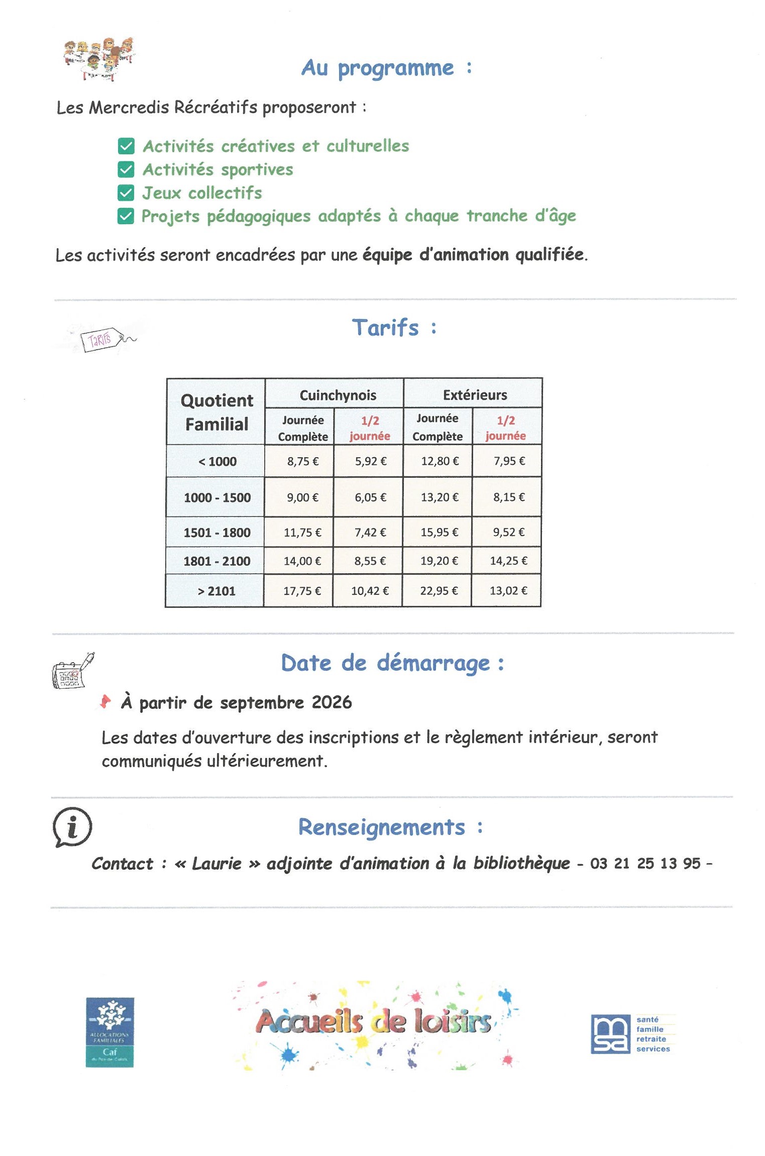 Les accueils de Loisirs de 2026
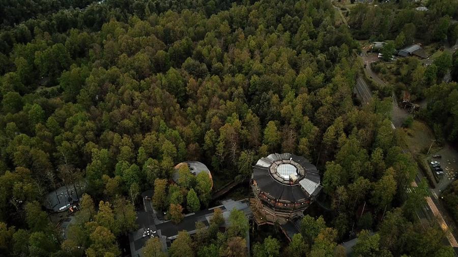 Rodeado de selva patagónica y ubicado en plena Reserva Biológica de Huilo Huilo, a 800 kilómetros al sur de Santiago, los tres establecimientos conforman un complejo único, que se ha convertido en uno de los mayores exponentes del turismo sostenible en la región.
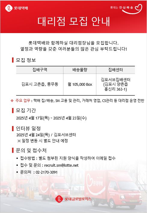 롯데택배 대리점 모집 안내 (김포시 풍무동, 고촌읍)
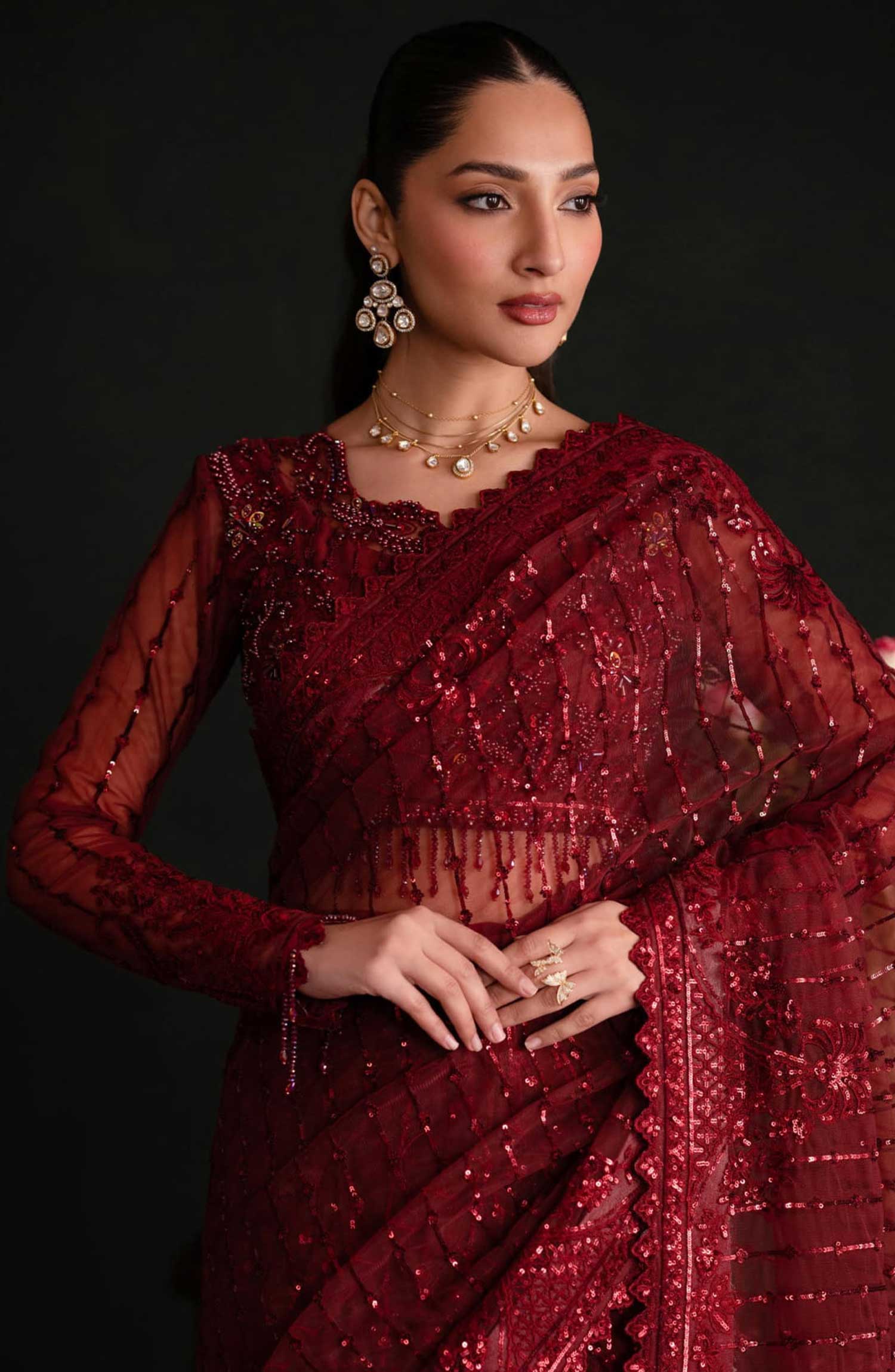 Emaan Adeel Nooresha Unstitched Formals 2025 has been styled in the image for photography and illustrative purposes.
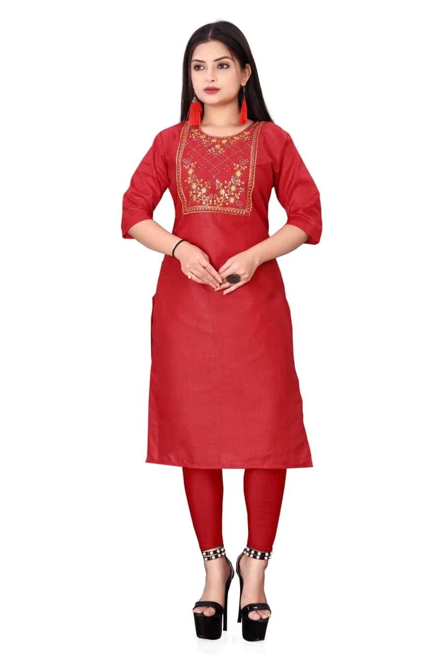 DESIGNER COTTON EMBROIDERY WORK ONLY KURTI RED
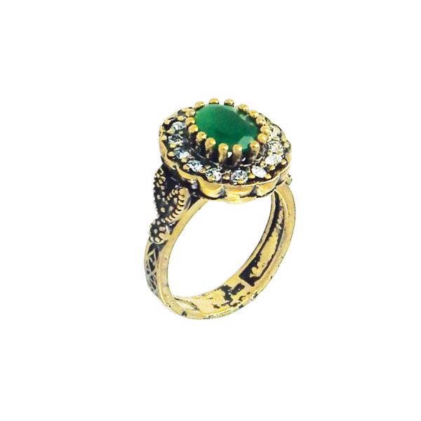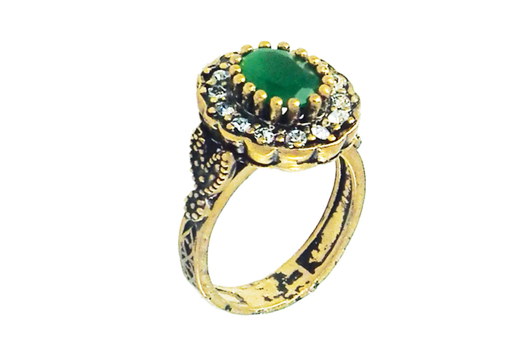 OTANTİK YÜZÜK 7-8-9 KÖK ZÜMRÜT TAŞIN ÇEVRESİ KRİSTAL TAİŞALARLA ÇEVRİLMİŞTİR.
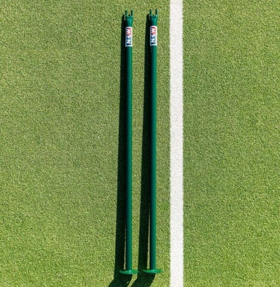 Tennis net support. Designed to convert a doubles tennis court into a singles court, this pair of professional aluminum tennis net posts is essential. The 3.5-foot tall single sticks comply with ITF's official regulations.
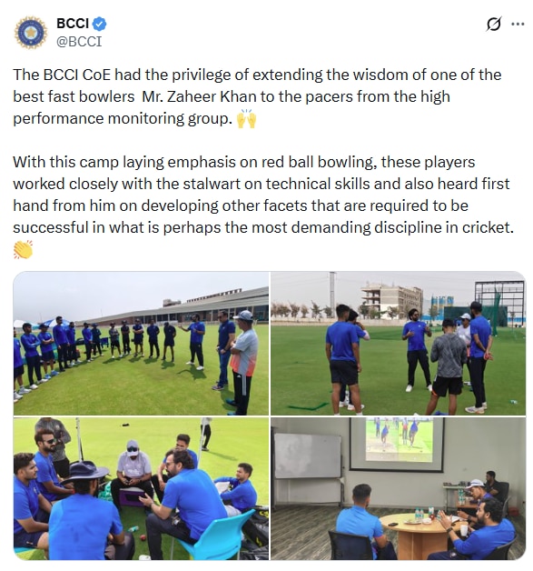 “The BCCI CoE had the privilege of extending the wisdom of one of the best fast bowlers, Mr. Zaheer Khan to the pacers from the high performance monitoring group,” the BCCI said in a post on X.
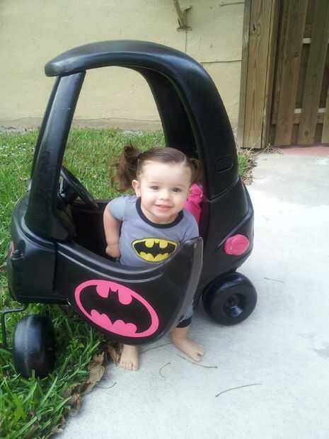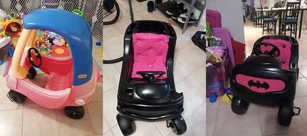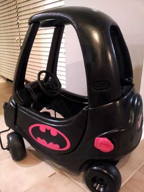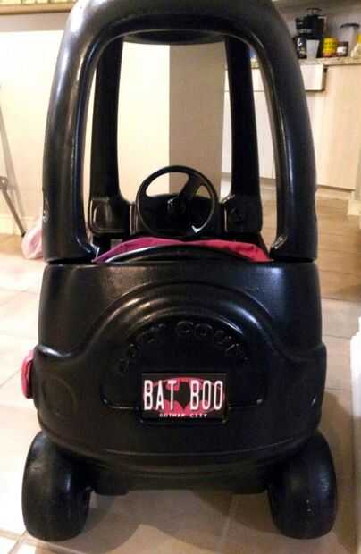 Después de pensarlo mucho decidí que definitivamente necesitaba un móvil de murciélagos. Hemos encontrado un "Coupé acogedor barato" en craigslist y había pasado una friolera de $10 en él. De allí, con una poco pintura graffiti en mi tienda (tienda de arte, Artarama de Jerry) grafix papel para los detalles, tela y piedras preciosas de JoAnn telas nos fijamos. Este fue un proyecto fácil de sábado que cuestan nada más que el total de $20. Por supuesto el costo varía de cuánto gastas en el coche. Tenemos suerte y para todo lo demás tenía cupones! Stinker ahora insiste en comer su almuerzo en su Batimóvil mientras mira TV.
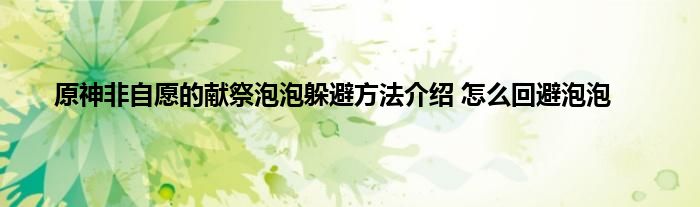 以上就是原神非自愿的献祭泡泡怎么躲的全部内容了,希翼能够帮到大家。
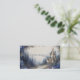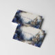 Define your brand with limitless imagination and the magical elegance of a hidden kingdom using this captivating business card. The design transports you to an ethereal, mist-shrouded pine forest, where a magnificent Gothic castle with striking blue spires sits at the edge of a clearing. The scene is dominated by layers of hazy, deep blue and slate gray trees, with a winding dirt path leading into the foreground. The forest floor is richly scattered with abundant purple, blue, and white wildflowers that create a romantic frame around the edges. The soft, luminous lighting and detailed, painterly texture convey a sense of wonder, romance, and high-end elegance that makes your card truly unforgettable. This business card is ideally suited for a luxury event planner specializing in themed celebrations or fantasy weddings, a boutique hotelier wanting to convey a magical, unique setting, or a fantasy novelist or game developer seeking distinctive, narrative-driven branding. It would also perfectly suit a fine art print seller focused on mystical or romantic works, or an exclusive floral designer emphasizing rich, abundant arrangements. The card's captivating combination of enchanted scenery and abundant blue florals ensures it is versatile for any sophisticated announcement, a refined gift enclosure, or an elegant invitation.
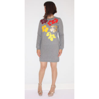 This sweater dress is exceptionally soft inside and out, with a high neckline for extra comfort. The sleeves taper from wide to fitted at the wrist. Available in a medium fit, it is made of 70% cotton and 30% polyester. The cat print incorporates various colored foils with glittery green eyes.
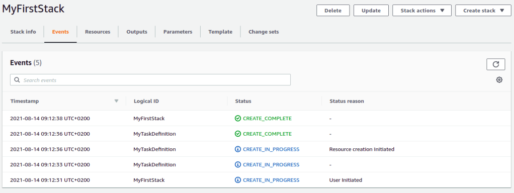 In step 3, click the Next button. In step 4, you get the opportunity for reviewing everything and when this seems ok, click the Create stack button. In the Events tab of the stack, the progress of creating the stack can be followed.
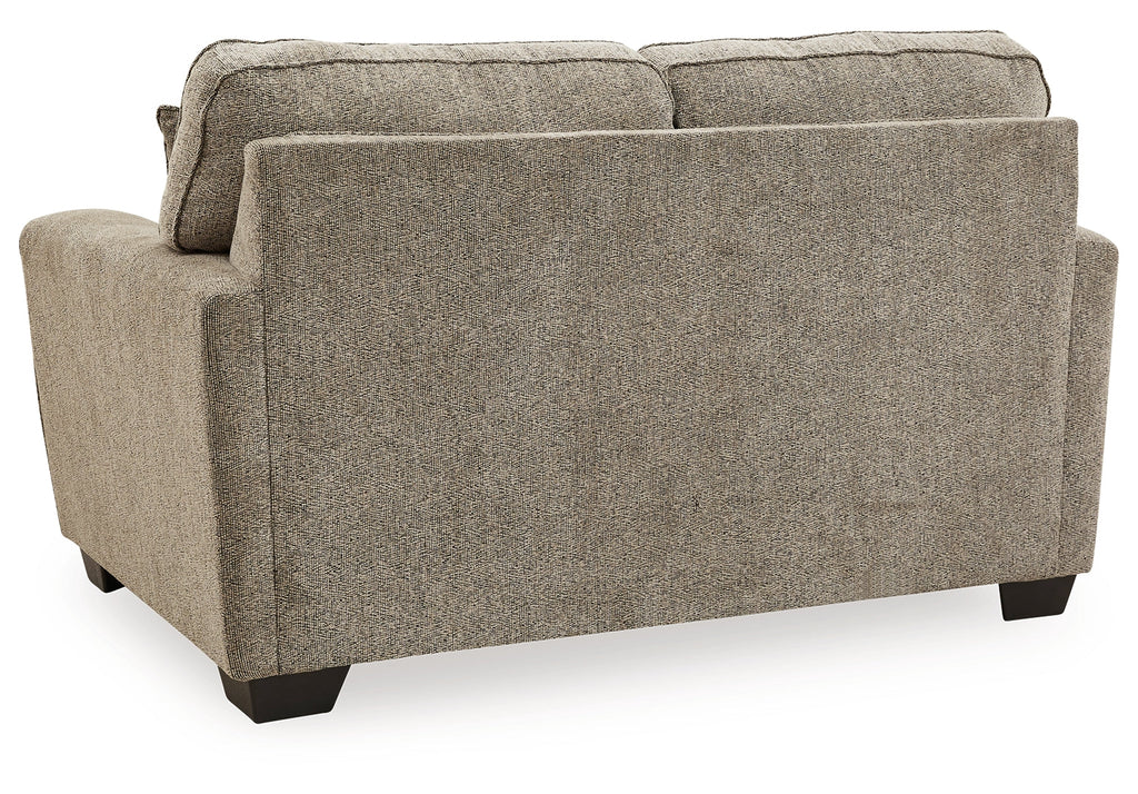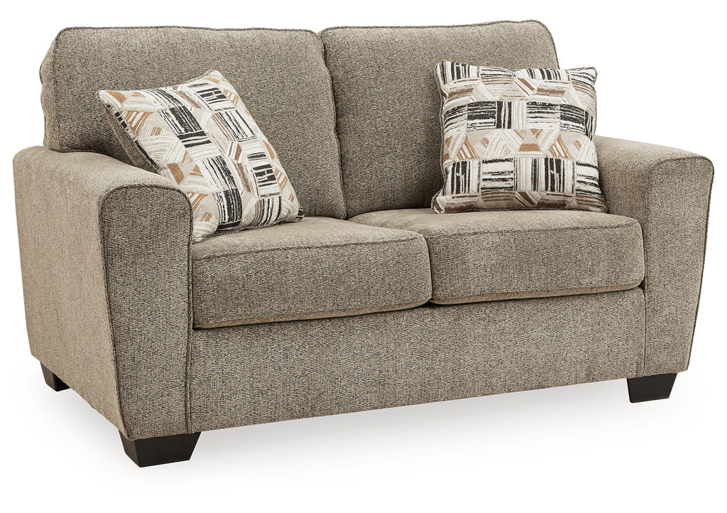 For an upholstery package that feels as good as it looks, the choice is clear. This package's neutral mocha hue blends effortlessly with any room decor and color scheme. The soft textured chenille fabric with chevron effect beckons you to sit, prop up your feet and relax. Wide track arms elevate the look with a touch of contemporary sensibility, enticing you to settle in and stay awhile.

WORK TO COMPLETE:
Each line above starting at the one holding "Tennis net support." and ending at the one holding "a post on X." should be set down exactly as it stands, both ends included, with no pictures.

REPLY TO THE EXERCISE:
 Tennis net support. Designed to convert a doubles tennis court into a singles court, this pair of professional aluminum tennis net posts is essential. The 3.5-foot tall single sticks comply with ITF's official regulations.
 “The BCCI CoE had the privilege of extending the wisdom of one of the best fast bowlers, Mr. Zaheer Khan to the pacers from the high performance monitoring group,” the BCCI said in a post on X.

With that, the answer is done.